• **What the exercise asks**:
Leaving out the pictures, retype exactly the lines from the one holding "manat kapitalı azalıb." through the end of the material.

• **Provided records**:
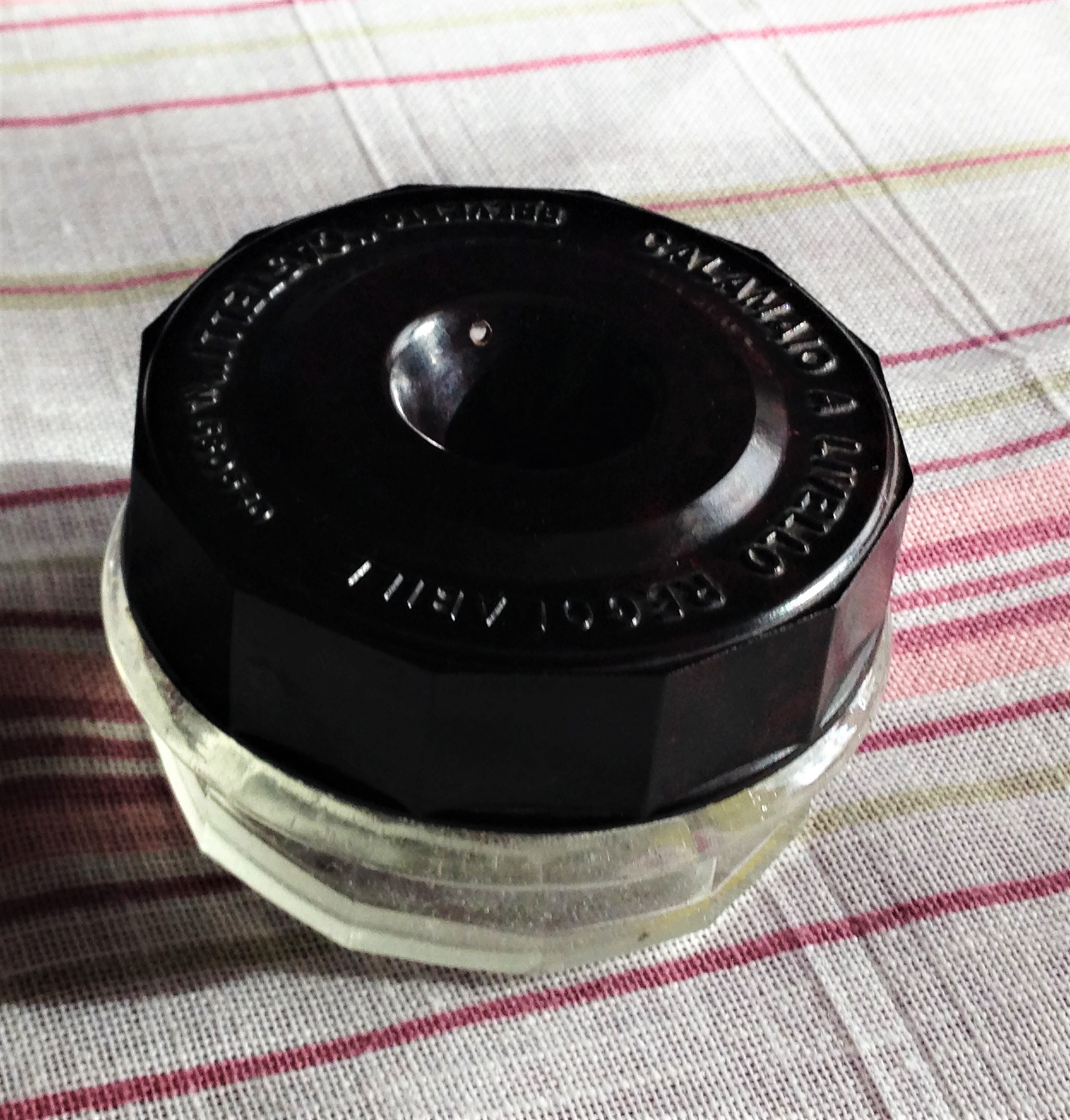 E' un calamaio da banco di scuola, quelli che si mettevano nell'apposito foro e che il bidello passava a riempire tutte le mattine, non ha nessun valore né una particolare bellezza, è solo un ritorno alla monella che regolarmente imbrattava i quaderni con macchie d'inchiostro e nel cercare di cancellare i disastri finiva col fare i buchi :oops:
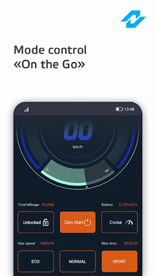 • Real-time display of information about the battery level, current speed, electric scooter mileage, etc.;
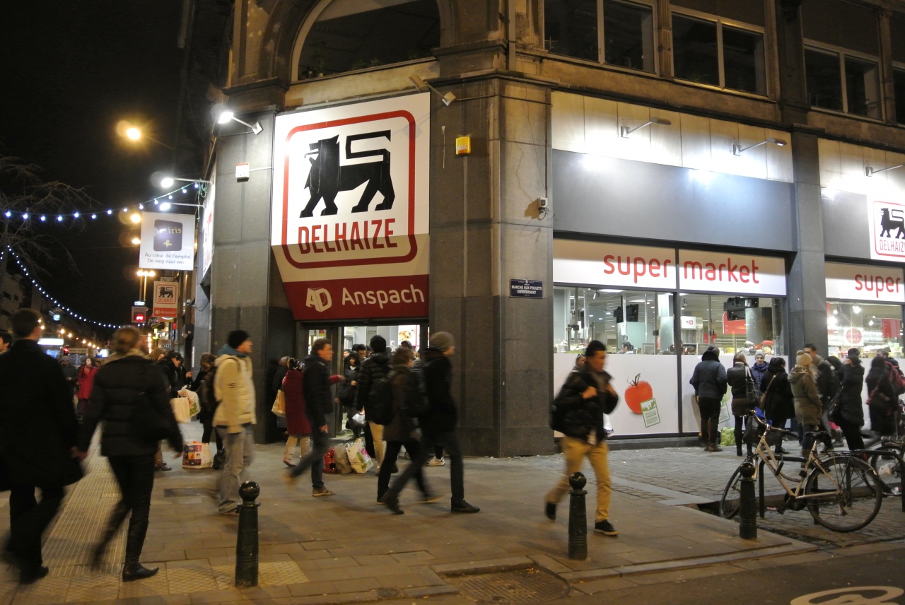 ベルギー内でよく見かけます。ANSPACH店はグランプラスからもわりと近いし、広いです。昔はカルフールの大型店もあったようですが、閉店したようですので大型スーパーを探すとここになるのではないでしょうか。
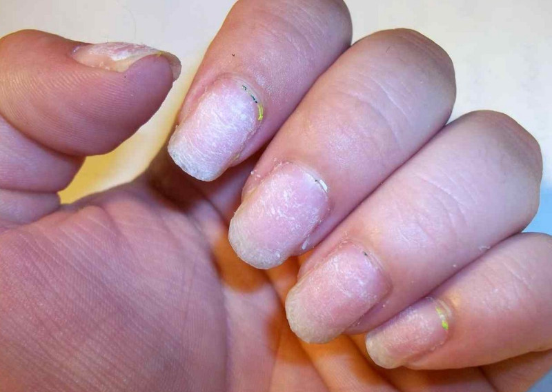 Думая, как снять маникюр, многие женщины начинают отламывать гель-лак по кусочкам прямо руками. Такое случается, если от длительного ношения он сам начал частично отслаиваться. Впечатление, что материал отошёл со всей пластины, и его можно снять одним движением, обманчиво. В некоторых местах он все равно плотно сцеплен с поверхностью. Итогом будет отрыв тонкого верхнего слоя ноготка, после чего он станет ломким, тусклым, потребует долгого восстановления.
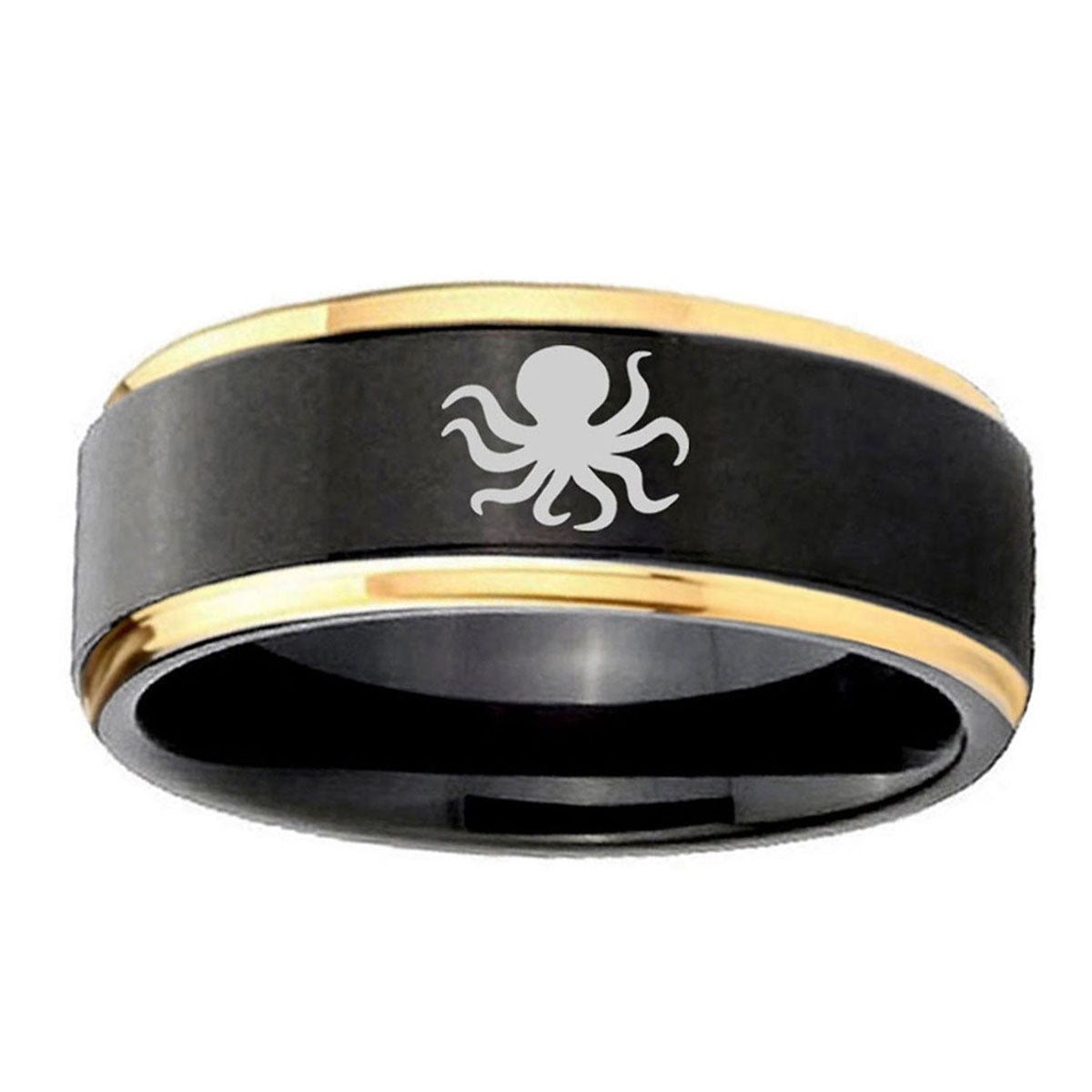 Introuding 6, 8mm Octopus Gold Step Edges Tungsten Carbide Mens Wedding Ring . Offer in both 5mm and 8mm band width black and gold plated finished from size 4 to 14
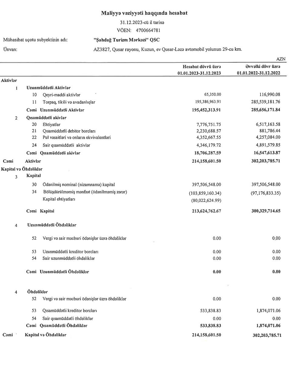 "Şahdağ Turizm Mərkəzi"nin ödənilməmiş zərəri (yığılmış zərər) 2022-ci ilin sonunda 97 milyon 177 min manat ikən, 2023-cü ilin sonunda 103 milyon 859 min manata çatıb. Nəticədə Şirkətin 397 milyon 507 min manat kapitalı azalıb.
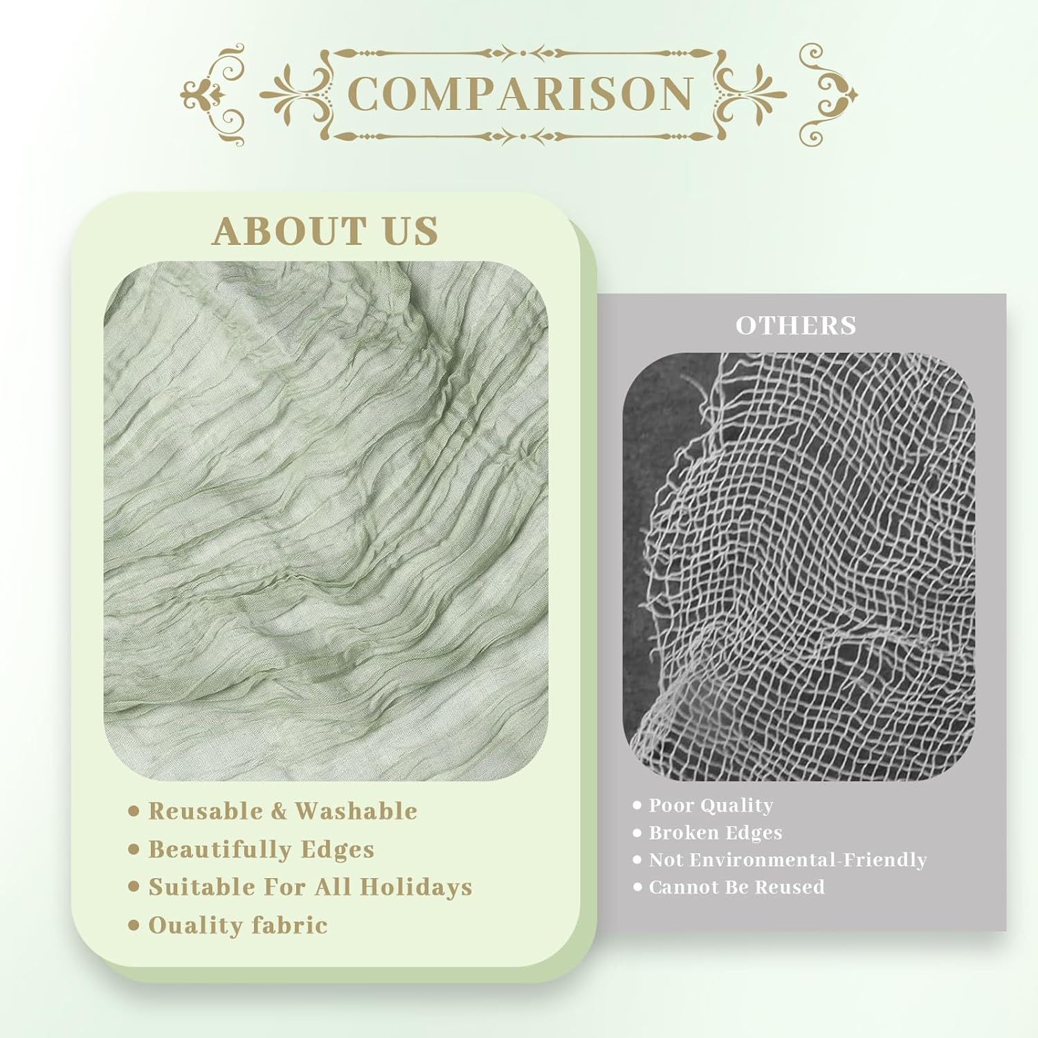 Le courant 6pcs 10Ft Cheesecloth Table Runner, Rustic Boho Gauze Cheese Cloth Runner Table Runner for Weddings Bridal Baby Shower Birthday Holiday Parties Home Decor, Sage Green
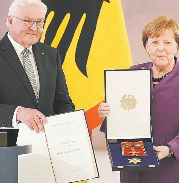 “Durante 16 años, se puso al servicio de Alemania con ambición, sabiduría y pasión”, declaró el presidente socialdemócrata Frank-Walter Steinmeier, antes de entregar la Gran Cruz de clase especial a la antigua Canciller conservadora.

• **Solution for this exercise**:
 "Şahdağ Turizm Mərkəzi"nin ödənilməmiş zərəri (yığılmış zərər) 2022-ci ilin sonunda 97 milyon 177 min manat ikən, 2023-cü ilin sonunda 103 milyon 859 min manata çatıb. Nəticədə Şirkətin 397 milyon 507 min manat kapitalı azalıb.
 Le courant 6pcs 10Ft Cheesecloth Table Runner, Rustic Boho Gauze Cheese Cloth Runner Table Runner for Weddings Bridal Baby Shower Birthday Holiday Parties Home Decor, Sage Green
 “Durante 16 años, se puso al servicio de Alemania con ambición, sabiduría y pasión”, declaró el presidente socialdemócrata Frank-Walter Steinmeier, antes de entregar la Gran Cruz de clase especial a la antigua Canciller conservadora.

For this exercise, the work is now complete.